They were almost through debating whether to take Roger to the hospital or not. The debate was mostly between Mark and Collins, because Maureen was still groggy and didn't want to start fighting with anyone.

"We've got to take him to a hospital!" Mark urged. "They'll have the medicine for him, and what if it's serious?"

"Come on," Collins said impatiently, "Take it from someone who knows what Roger's going through: if you take him to a hospital he's just going to leave, and we can't afford it anyway!"

Before Mark could retaliate, however, a groan came from the couch.

"Roger?" Mark said, his attention completely focused on his friend. "Roger?"

Roger mumbled something incoherent on the futon.

"What?" said Mark. "Roger, are you ok?"

"No hospital," Roger managed to say. "I can't stand hospitals."

"See?" Collins asked Mark with a somewhat smug expression. "Don't take him." Mark sighed, but gave in.

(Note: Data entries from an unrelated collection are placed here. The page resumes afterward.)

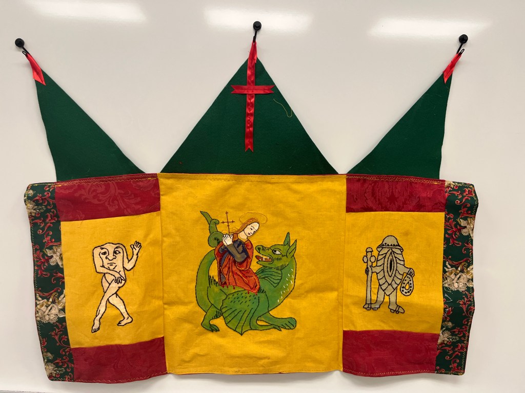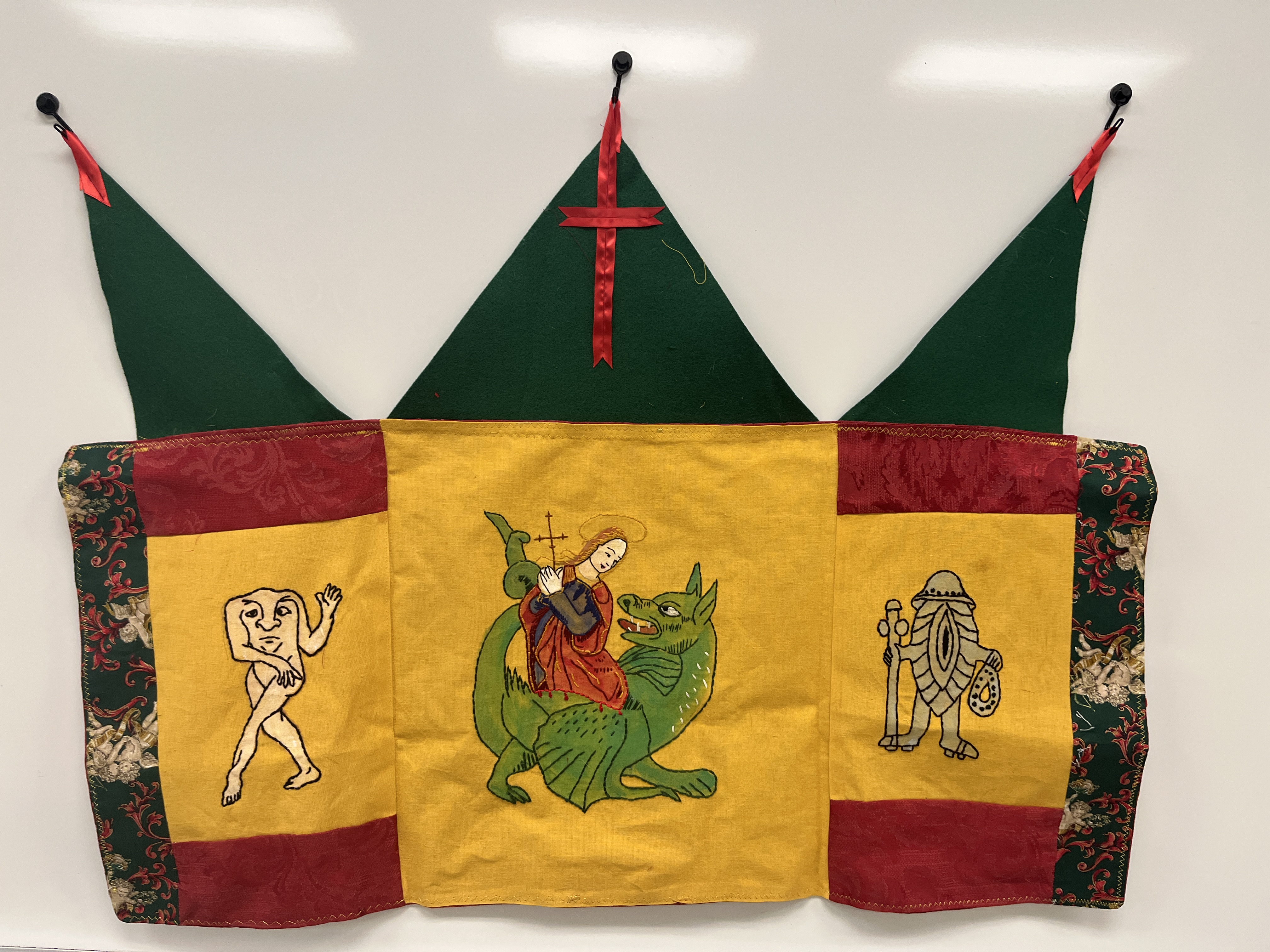 This tapestry by Cassie is just amazing, drawing (no pun intended!) on Mandeville’s Travels, The Life of St. Margaret, and images such as obscene pilgrim badges.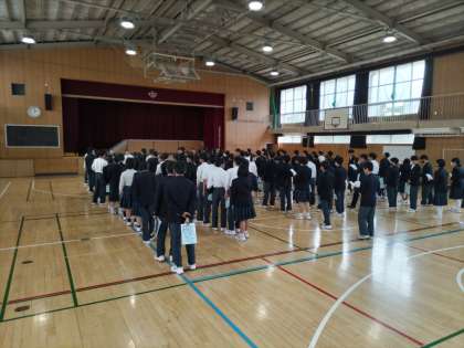 3年生は、来週からの修学旅行に向けて、しおりの読み合わせや班活動などに備えた集合練習を実施しました。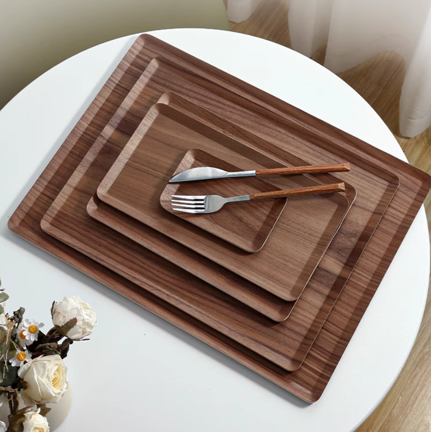 Modern tasarım dikdörtgen melamin servis tepsisi ışık lüks Horeca yemekleri çıkartması Lotus gül desen çay bardağı cilalı meyve

**So, did you like the flashback part? I wasn't too sure about that.**

**SATs this weekend, so I'll try to update on Sunday or Monday. Thanks for all the great reviews! They help so much! GM**


	7. Another Side of Withdrawal

**Disclaimer: Nada, zilch, nothing.**

**Ok, Sunday or Monday didn't work – I was so tired. And the rest of the week was play practices. Sorry! Hope you like it this chapter, though!**

After that moment, life pretty much sucked for Roger. Since he had missed so many days at work as a bartender, his boss, Dave, fired him. There went the rent. Thankfully for them, Roger's last paycheck came before his pink slip did, and life went on, without me.

One of the few things that I left behind when I died included my car. It was the same one that I had driven Roger home in on our first 'date'. It was a wonder any of us could own a car, but I did manage to own that green mass of junk.. It was still sitting on the curb by the loft. The last time I had used it was to go to the doctors, which was too far to walk. I remember Roger telling me sometimes, when his band wasn't doing too well or work wasn't going great that he and I would get in my car and drive to Santa Fe.

We never did get to do that.

Withdrawal is tough for anyone, but it really hit Roger hard. Maybe because he was still coping with my death, I don't know, but Roger couldn't eat, couldn't sleep, and couldn't stop shivering. Mark tried as best as he could to help him, after all, Roger was like a brother to him. Yea, Roger was Mark's brother and I was his sister. What a perfectly functional family we made.

One day, as Mark walked home to the loft, a bag of the cheapest groceries he could find in his skinny arms, he couldn't find Roger.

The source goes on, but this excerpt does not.